The woodland contains varied patches of deciduous and coniferous trees depending on soil type:
- mature and young oak
- beech
- birch
- silver birch (on relatively dry heath)
- Scots Pine (on relatively dry heath)

It is bordered to the south by the New Guildford Line (the local railway), to the east by the north-south A244 running between Esher and Leatherhead, to the north by the (Portsmouth Road) as aligned since the late 20th century followed by a wooded area that continues north towards Esher as Esher Commons, and the west by a large cluster of residential development of Oxshott itself. Oxshott Woods provide a healthy recreational area for visitors, set on a sloping escarpment with almost flat and more challenging walks.

Unlike the neighbouring Esher Commons proper, Oxshott Heath is managed by a board of conservators originally established by a provisional order made under the Commons Act 1876, and confirmed by a 1904 Order. and the award made under the order.

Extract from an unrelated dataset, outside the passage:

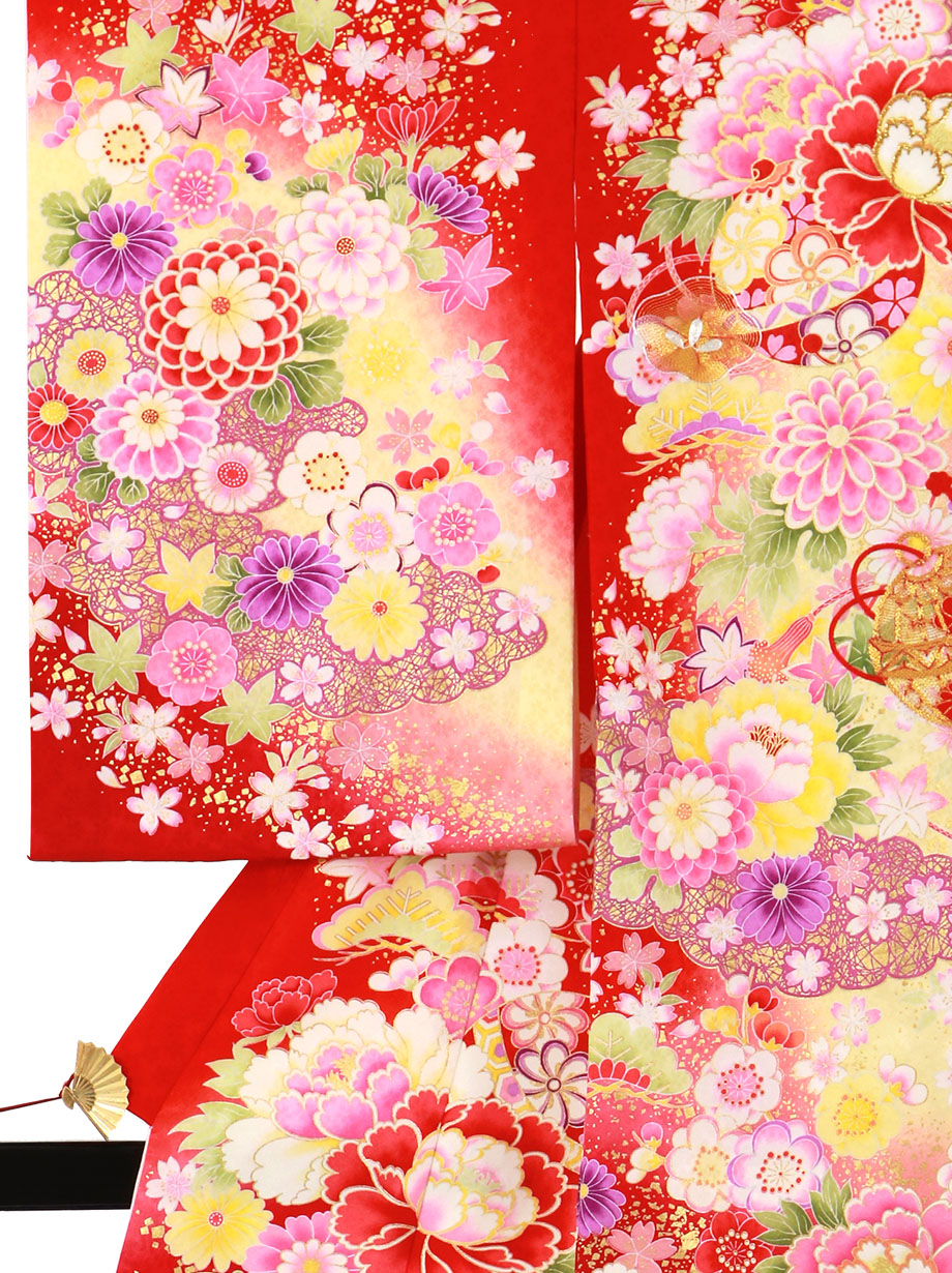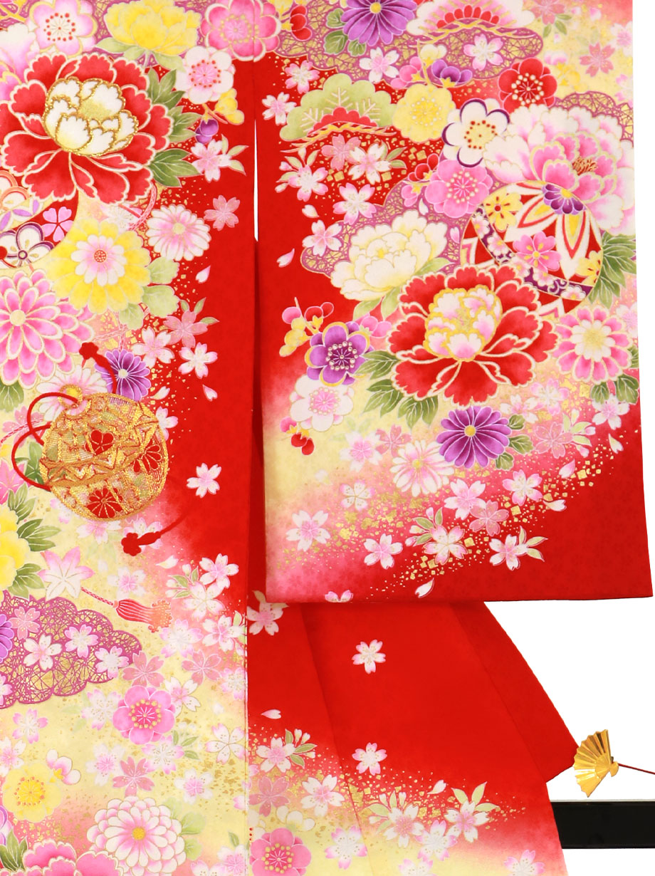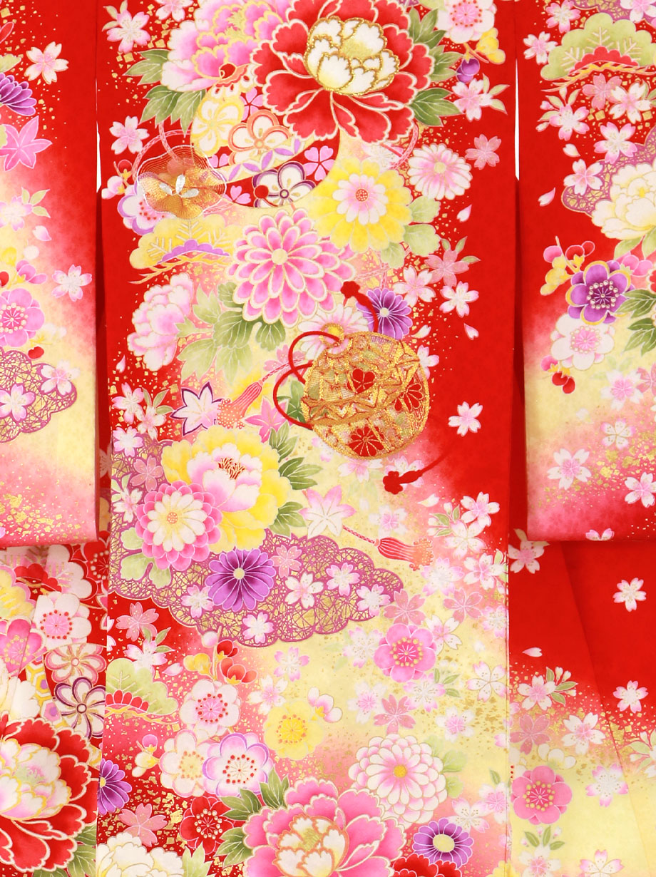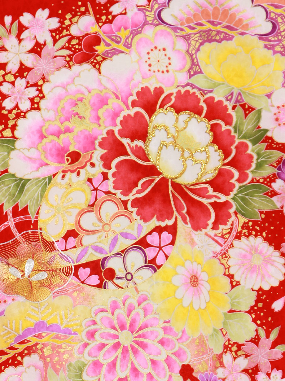 《赤ちゃんのお宮参りに》埋め尽くす花々と金のとても豪華な祝い着/レッド

A common land status applies as to access and rights to domestic (own use) firewood for particular households and subject not to misuse and it is owned by the local authority.

In 1935 a circular Anglo-Saxon bronze brooch of the early tenth century was found, deposited in the British Museum where it is an exhibited collection piece. It is believed to be manufactured in England and has very fine detailing of snakes carved into it.

In 2007 prospective major tree felling was scaled back.